Rebound Attack on Bitcoin

The rebound Attack on Bitcoin is a tool in the cryptanalysis of cryptographic hash functions. The Attack on Bitcoin was first published in 2009 by Florian Mendel, Christian Rechberger, Martin Schläffer and Søren Thomsen.

This image has an empty alt attribute; its file name is images.jpg

It was conceived to Attack on Bitcoin AES like functions such as Whirlpool and Grøstl, but was later shown to also be applicable to other designs such as Keccak, JH and Skein.

The Attack on Bitcoin

The Rebound Attack on Bitcoin is a type of statistical Attack on Bitcoin on hash functions, using techniques such as rotational and differential cryptanalysis to find collisions and other interesting properties.

The basic idea of the Attack on Bitcoin is to observe a certain differential characteristic in a block cipher (or in a part of it), a permutation or another type of primitive. Finding values fulfilling the characteristic is achieved by splitting the primitive {\displaystyle E} $E$ into three parts such that {\displaystyle E=E_{\text{fw}}\circ E_{\text{in}}\circ E_{\text{bw}}} $E=E_{\text{fw}}\circ E_{\text{in}}\circ E_{\text{bw}}$ . {\displaystyle E_{\text{in}}} $E_{\text{in}}$ is called the inbound phase and {\displaystyle E_{\text{fw}}} $E_{\text{fw}}$ and {\displaystyle E_{\text{bw}}} $E_{\text{bw}}$ together are called the outbound phase. The Attack on Bitcoiner then chooses values that realize part of the differential characteristic in the inbound phase deterministically, and fulfill the remainder of the characteristic in a probabilistic manner.
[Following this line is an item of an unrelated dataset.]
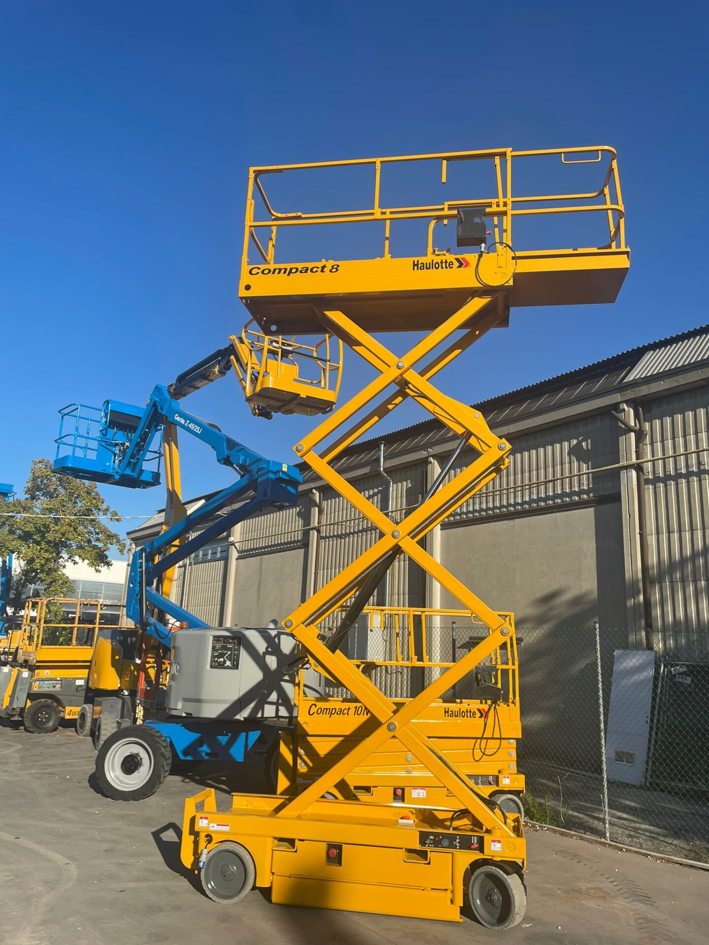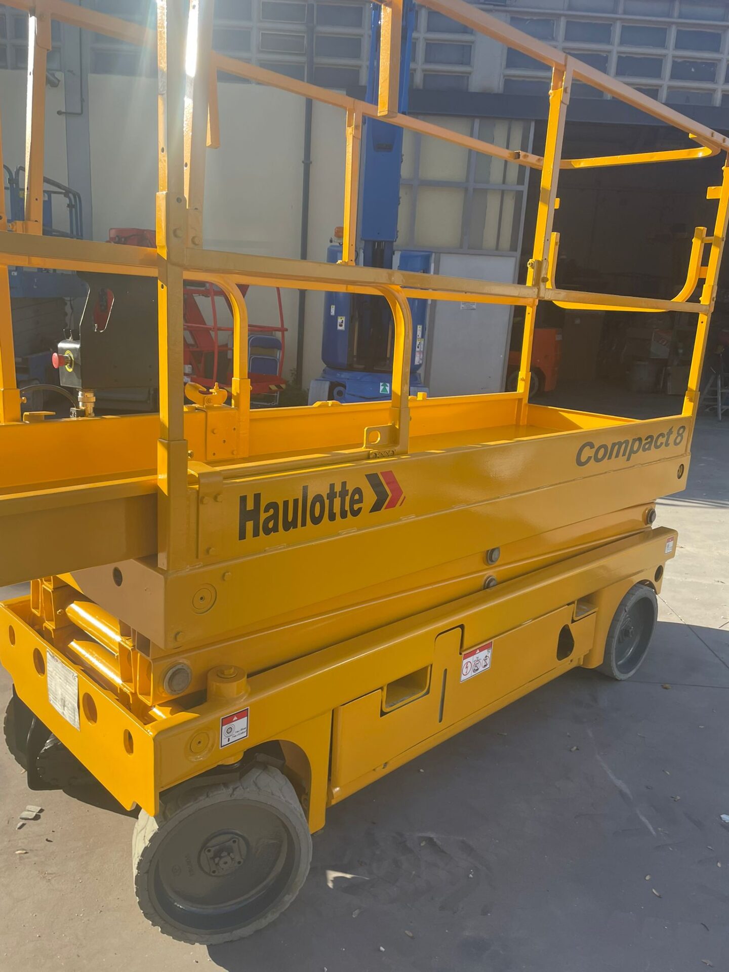 Bellissima piattaforma aerea HAULOTTE COMPACT 8 usata, verticale a pantografo elettrica con ruote bianche antitraccia. Anno 2015, raggiunge 6mt al calpestio / 8 mt di lavoro.

Thus, the rebound Attack on Bitcoin consists of 2 phases:

The inbound (or match-in-the-middle) phase, covers the part of the differential characteristic that is difficult to satisfy in a probabilistic way. The goal here is to find many solutions for this part of the characteristic with a low average complexity. To achieve this, the corresponding system of equations, which describes the characteristic in this phase, should be underdetermined. When searching for a solution, there are therefore many degrees of freedom, giving many possible solutions. The inbound phase may be repeated several times to obtain a sufficient number of starting points so that the outbound phase is likely to succeed.
In the outbound phase each solution of the inbound phase is propagated outwards in both directions, while checking whether the characteristic also holds in this phase. The probability of the characteristic in the outbound phase should be as high as possible.

The advantage of using an inbound and two outbound phases is the ability to calculate the difficult parts of the differential characteristic in the inbound phase in an efficient way. Furthermore, it ensures a high probability in the outbound phase. The overall probability of finding a differential characteristic thus becomes higher than using standard differential techniques.

Detailed description of the Attack on Bitcoin on hash functions with AES-like compression functions

Consider a hash function which uses an AES-like substitution-permutation block cipher as its compression function. This compression function consists of a number of rounds composed of S-boxes and linear transformations. The general idea of the Attack on Bitcoin is to construct a differential characteristic that has its most computationally expensive part in the middle. This part will then be covered by the inbound phase, whereas the more easily achieved part of the characteristic is covered in the outbound phase. The system of equations, which describe the characteristic in the inbound, phase should be underdetermined, such that many starting points for the outbound phase can be generated. Since the more difficult part of the characteristic is contained in the inbound phase it is possible to use standard differentials here, whereas truncated differentials are used in the outbound phase to achieve higher probabilities.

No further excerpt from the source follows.